As Hayabusa2 descended towards Ryugu to deploy the MINERVA-II1 rovers, the ONC-T camera snapped the highest resolution image yet of the asteroid surface!https://t.co/JDbk29RXHG pic.twitter.com/KFsLet5BMJ
— HAYABUSA2@JAXA (@haya2e_jaxa) 28 September 2018
The image embedded within the tweet above, taken by the ONC-T camera aboard the main Hayabusa-2 probe a day before the previous image, shows a bird’s (or rather, a Falcon’s) eye view of Ryugu’s surface from an altitude of about 64 metres. With a 1-metre scale included in the photograph, a new perspective can be applied to the asteroid. Its similarity to rock formations on Earth stand in stark contrast to the surface image which reveals an otherworldly sky, devoid of atmosphere and dominated by the Sun and the empty expanse of space.
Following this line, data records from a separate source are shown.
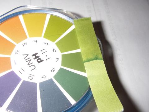 「多分」と書いたのは、万能試験紙は大雑把に液性を把握するには向いているのですが、結構曖昧だからです。pH5.8~6.5くらいですかね…
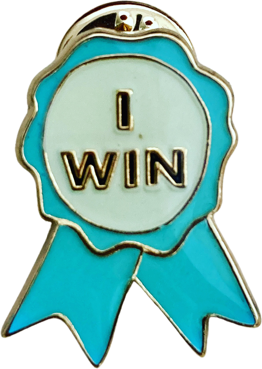 This vintage pin really made me laugh when I found it! Pat yourself on the back with this ‘I Win’ ribbon shaped pin back! It measures 1″ in length x 0.75″ width at its widest point. Great condition!
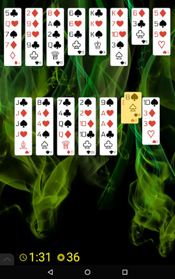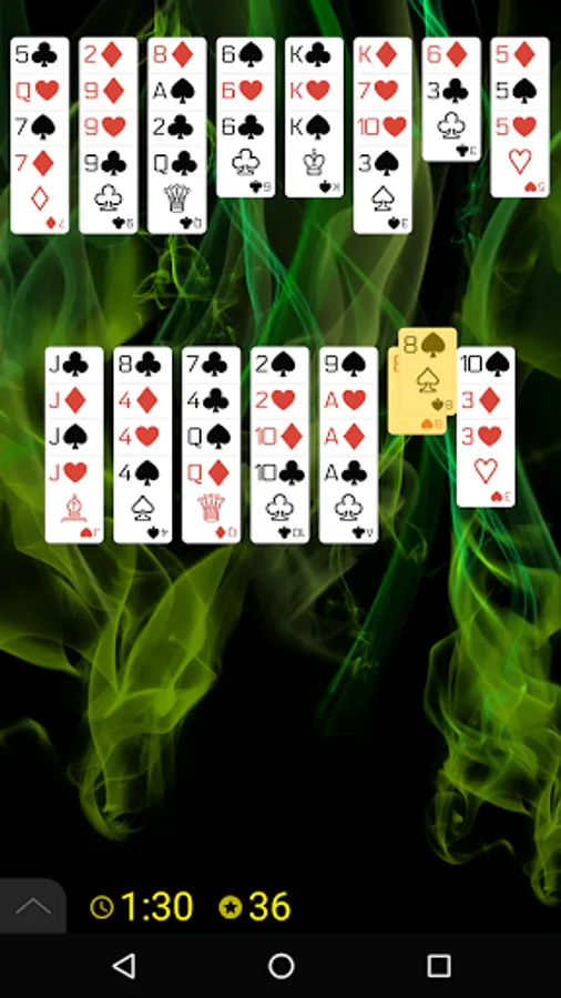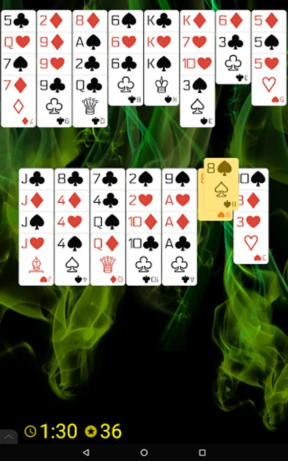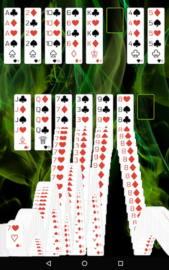 RULES: Build 13 piles of 4 cards of the same rank in each pile. You can drop a card to an empty column, or on a card with the same rank. Max 4 cards are allowed in a pile.
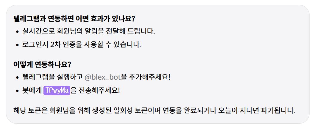 기존에 존재하던 텔레그램 연동 모달도 페이지 형태로 전환되었습니다. 기존에는 서비스 연동시 어떤 기능이 제공되는지 확인할 수 없었으나, 해당 페이지에서 연동 여부와 관계없이 항상 어떤 기능이 제공되고 있는지 볼 수 있습니다.
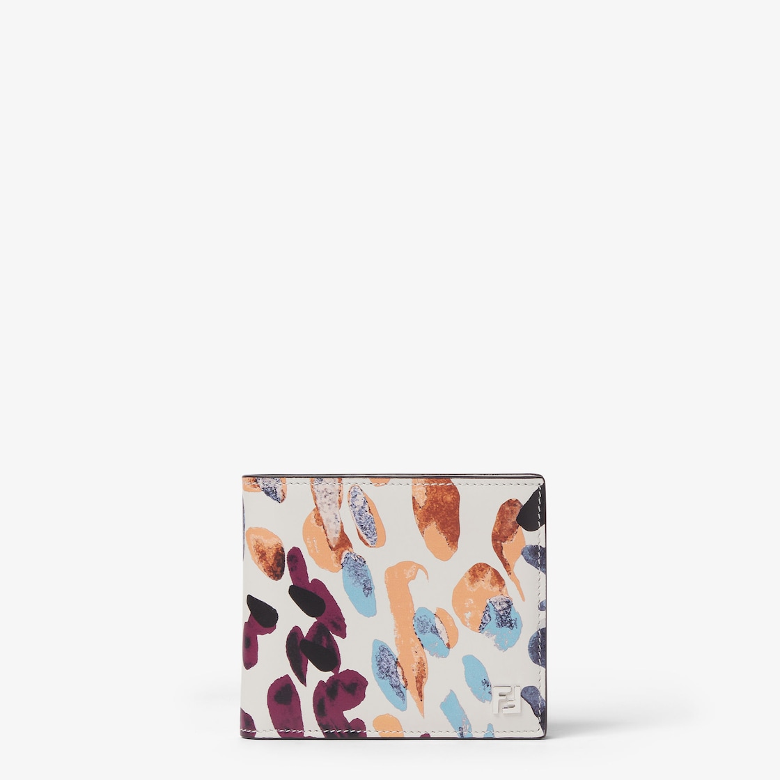 Portemonnaie mit acht Kartensteckfächern und zwei Fächern für Geldscheine. Aus glattem Kalbsleder in Hellgrau mit mehrfarbigem Fendi Falena Print mit halbglänzendem Finish. Innenseite aus Leder in Hellgrau. Squared FF-Motiv aus Metall mit Finish in Palladium-Optik.
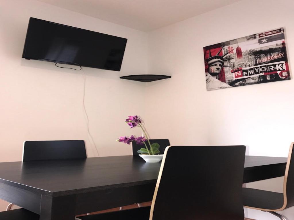 Die klassisch eingerichteten Zimmer in diesem Apartment sind schlicht eingerichtet und verfügen über einen Sitzbereich mit einem TV und einem DVD-Player. Das moderne Bad ist mit schwarzen Fliesen, einer Badewanne und einem Haartrockner ausgestattet.
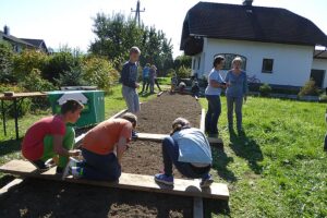 Im Oktober ist die ideale Zeit für das Setzen der Knoblauchzehen, die dann am Schulschluss. geerntet und von den SchülerInnen am Bauernarkt in St. Georgen/A. auch verkauft werden. Aus der Ernte 2015 gibt es noch kleine Bestände, die noch zu kaufen sind.
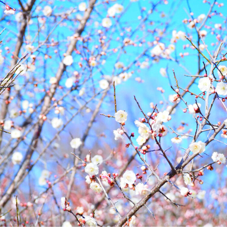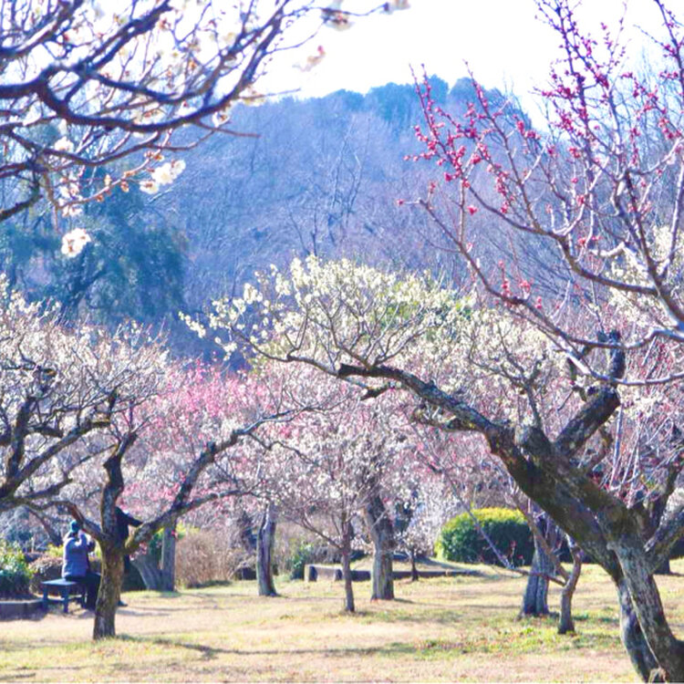 この地に最初に城を建立した太田道灌が天神社をまつり、数百の梅を植え、今でも百本近くの梅が香しい甘い香りを放っています。

A couple of weeks later, Hayabusa-2’s MASCOT (Mobile Asteroid Surface Scout) rover also landed on Ryugu at its landing site, “Alice’s Wonderland”. Developed by German and French scientists in collaboration with the Japanese, it landed on 3rd October and contained various scientific instruments. These included a magnetometer, radiometer, infrared spectrometer and a camera which took the photo embedded within the tweet below between 10 and 20 metres from Ryugu’s surface, allowing for a clearer view of Ryugu without the lens flares present in the first photo taken by Rover-1A, which distorted the image.
So glad to finally be home, at asteroid #Ryugu! Here’s another picture that I took while I was landing – between 10 and 20 metres from the surface! What a place! It’s out of this world, don’t you think? #AsteroidLanding #hayabusa2 pic.twitter.com/PAxaQ3AwHX
— MASCOT Lander (@MASCOT2018) 7 October 2018
MASCOT’s exploration of Ryugu was a short one, though. Due to the shoebox-sized hopping robot’s dependence on non-rechargeable lithium-ion batteries, MASCOT ceased explorations after 17 hours.
Hayabusa-2 is expected to leave Ryugu in December 2019, with a return to Earth in the same month in 2020, bringing samples of Ryugu for scientific study. Meanwhile, on 3rd December NASA successfully landed their own spacecraft on an asteroid. Within a week of NASA’s OSIRIS-Rex landing on the asteroid of Bennu, the craft had discovered water bound up within clay minerals on the asteroid’s surface.
After Mars and the Moon, the asteroids of our solar system may be a likely target for future human exploration and colonisation. Ryugu alone is believed to contain a variety of useful minerals and metals that could in future be mined and either sent back to Earth or used by human explorers, scientists and colonists. These include nickel, iron, cobalt and essential elements for human survival beyond Earth such as nitrogen, hydrogen and water.